RMSprop was described as a way to speed up Gradient Descent.
However, the example describes seems to be a special case.
RMSprop as described seems to have the effect scaling the magnitude of gradient descent steps to be closer to each other in each dimension. More of a normalization approach.
Andrew picked a case where:
Magnitude of B was relatively high and more incorrect
Magnitude of W was relatively low and more correct
The higher magnitude of B becomes relatively smaller (better)
The lower magnitude of W becomes relatively larger (better)
If we then increase the learning rate we are improving performance
It seems like we could easily make a counter case:
In this example:
Magnitude of B was relatively low and more incorrect
Magnitude of W was relatively high and more correct
In this case it seems we would:
The higher magnitude of B becomes relatively larger (worse)
The lower magnitude of W becomes relatively smaller (worse)
Is there any type of reason why one would expect relatively larger magnitudes in relatively incorrect directions as the case Andrew presented to be the norm?
If not, it would seem like RMSprop is good at helping to eliminate extreme incorrect magnitudes to help prevent overshooting via normalization?
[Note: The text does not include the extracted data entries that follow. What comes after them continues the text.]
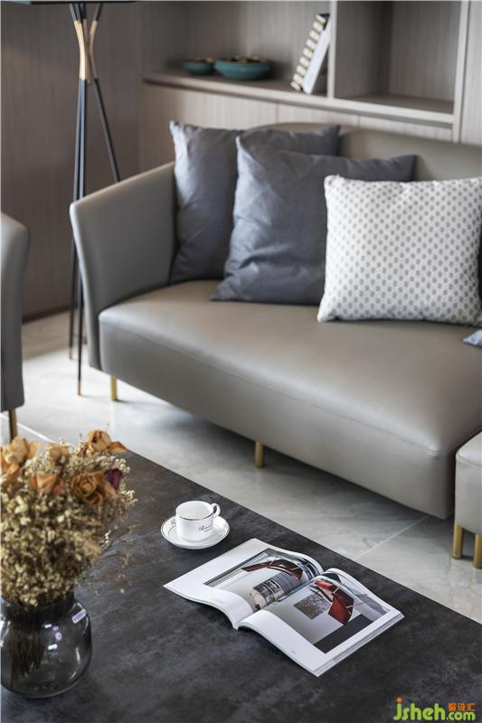 簡(jiǎn)質(zhì)空間,客廳大面積的大理石,與木飾面的碰撞,搭配冷色系沙發(fā),使整個(gè)空間成熟穩(wěn)重,又不失一些木質(zhì)帶來的輕與暖。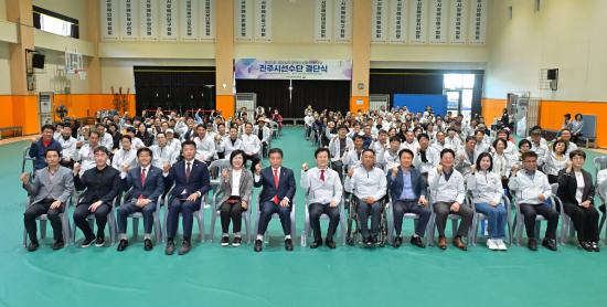 À̳¯ °á´Ü½Ä¿¡´Â ÁøÁֽà ¼±¼ö´ÜÀ» °Ý·ÁÇϱâ À§ÇØ ÁøÁÖ½Ã¿Í ÁøÁÖ½ÃÀÇȸ °ü°èÀÚ¸¦ ºñ·ÔÇØ Àå¾ÖÀδÜü¿Í ½Ã¼³ °ü°èÀÚ, Àå¾ÖÀÎüÀ°È¸ ÀÓ¿ø, °¡¸Í ´ÜüÀå µî 180¿© ¸íÀÌ Âü¼®ÇÑ °¡¿îµ¥ ÁøÁֽà ¼±¼ö´ÜÀÇ ¼±ÀüÀ» ±â¿øÇÏ°í °Ý·ÁÇß´Ù.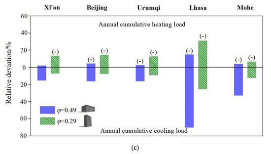The relative deviations in the daily cumulative load results with TARP-based internal and external SHTCs and constant SHTCs are shown in Figure 9c. The results demonstrate the comprehensive effects of dynamically changing the SHTCs on two sides. For a typical day in winter, the maximum relative deviation of −20.9% was observed at Lhasa with φ = 0.29. However, for a typical summer day, the absolute value of the relative deviation in Xi’an and Beijing was lower than 3.0%. Thus, for these cities, selecting different SHTCs had little influence on the cumulative heating load results on a typical summer day. However, for the other three cities, the differences could not be ignored at φ = 0.49, where the relative deviations were larger than 20%.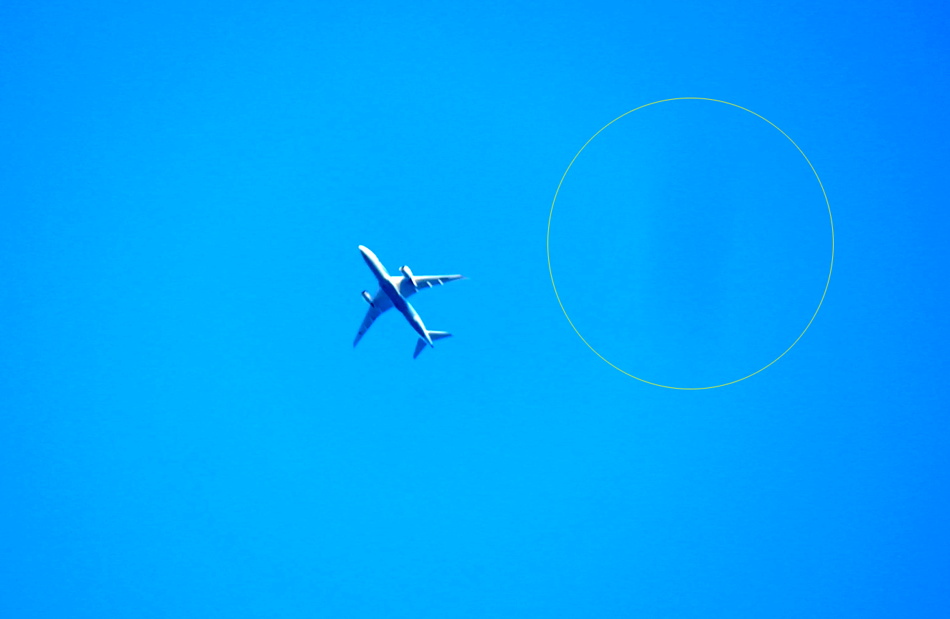 이 사진에서 보는 것처럼 원본사진도 그나마 투명UFO가 일부러 찍혀 주기 위해서 투명도를 낮추고 속도도 줄여서 찍혀 준 것인데도 보일 듯 말 듯 저러하니 실로 하늘에서 저들을 찾기란 불가능 하다 할 것이다.

Wouldn’t this also have the disadvantage of eliminating extreme positive steps?
If that is the case, wouldn’t a momentum approach be a better overall solution. Instead of trying to ‘normalize’ step sizes (both good and bad), it seems like momentum actually tries to eliminate incorrect steps magnitudes and only leave steps in the relatively correct direction?
Once we are pointed in the correct direction it seems like momentum would allow us to crank up the learning rate and have the most advantageous results.